Factors that could lead to a downgrade

    • An increased gap between the natural pace of revenue and expenditure growth due either to a slowing of economic activity and prospects for revenue growth, or an acceleration of spending growth, or both
    • Sustained erosion of the city’s reserve cushion or reduced ability to use related budget management tools such as the annual prepayment of expenditures”
    • A sustained erosion of the city’s reserve cushion to levels below 7.5% of spending which would lead to a change in the financial resilience assessment to below ‘aa’;
    • An approximate 50% sustained increase in long-term liabilities associated with debt and net pension liabilities and carrying costs, assuming current levels of personal income and governmental resources;
    • Weakened underlying economic and demographic performance, particularly around median household income and unemployment rates;
    • Fitch’s view that the capacity to manage changes in the city’s OPEB benefits is constrained and, as a result, unfunded OPEB liabilities will remain very high.

  • Below is our analysis of the changes:
    1. Long-term liabilities and fixed costs: either a 30% drop or a 50% increase appears unlikely.

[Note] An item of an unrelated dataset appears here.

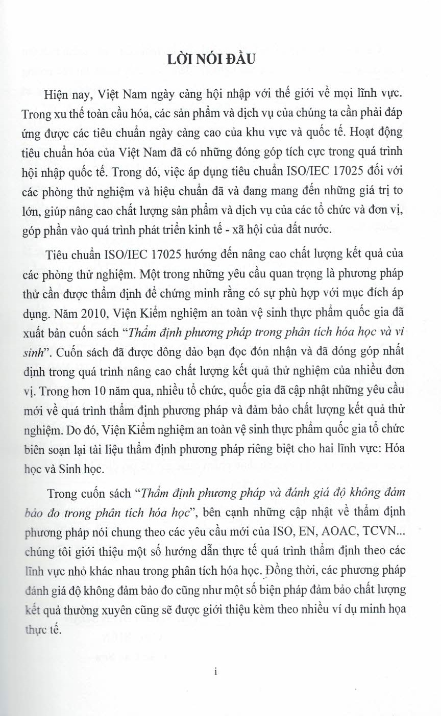 Mua tại TiktokCuốn sách hướng tới các độc giả là nghiên cứu viên, kiểm nghiệm viên đang thực hiện công tác thử nghiệm, đảm bảo chất lượng tại các phòng thử nghiệm liên quan đến các phép thử hóa học trong nhiều lĩnh vực như an toàn thực phẩm, dược phẩm, dược liệu, mỹ phẩm, thức ăn chăn nuôi, thú y… Sách cập nhật những phương pháp thẩm định mới theo yêu cầu của ISO, EN, AOAC, TCVN… kèm một số biện pháp đảm bảo chất lượng kết quả thường xuyên và ví dụ minh họa thực tế.

The City continues to make progress funding pensions above the “tread water” mark (the amount of contributions needed to keep liability constant). They City’s five pension systems are currently funded at better than 80% of their long-term obligations, and are on a path toward 100% funding over the next decade. Furthermore, pension system returns continue to, on average, meet or exceed the 7% target set in State legislation. Layering in potential future economic growth also offsets the risk of long-term liabilities hampering the City’s rating.
    2. Reserves: levels consistently below 7.5% or above 10% of General Fund spending could affect the City’s rating. Fitch defines reserves to include unrestricted general fund reserves (General Reserve and Capital Stabilization Reserve), the balance of the Retirees’ Health Benefits Trust, and the fiscal year-end budget stabilization and discretionary transfers to prepay the following year’s expenditures. Based on budgeted amounts, reserves as defined by Fitch were about 10% of General Fund spending in FY 2024 (final numbers will be available in October with the City’s audited financials). This would be a decline compared to the 12% achieved in FY 2023.
    3. Economic factors: Fitch highlights higher resident income, lower unemployment rates, and improved population trends as potential upgrade factors, without setting specific benchmarks. As discussed in our April newsletter, based on the Census Bureau’s estimates the City’s population declined between 2020 and 2023, but two factors point to better future prospects: domestic outmigration stabilized and international migration increased. As shown in our January and December 2023 newsletters, NYC aggregate personal income fluctuated significantly during and in the aftermath of the pandemic. Data for 2023, which will be released this November, could help delineate the broad features of the post-pandemic trend.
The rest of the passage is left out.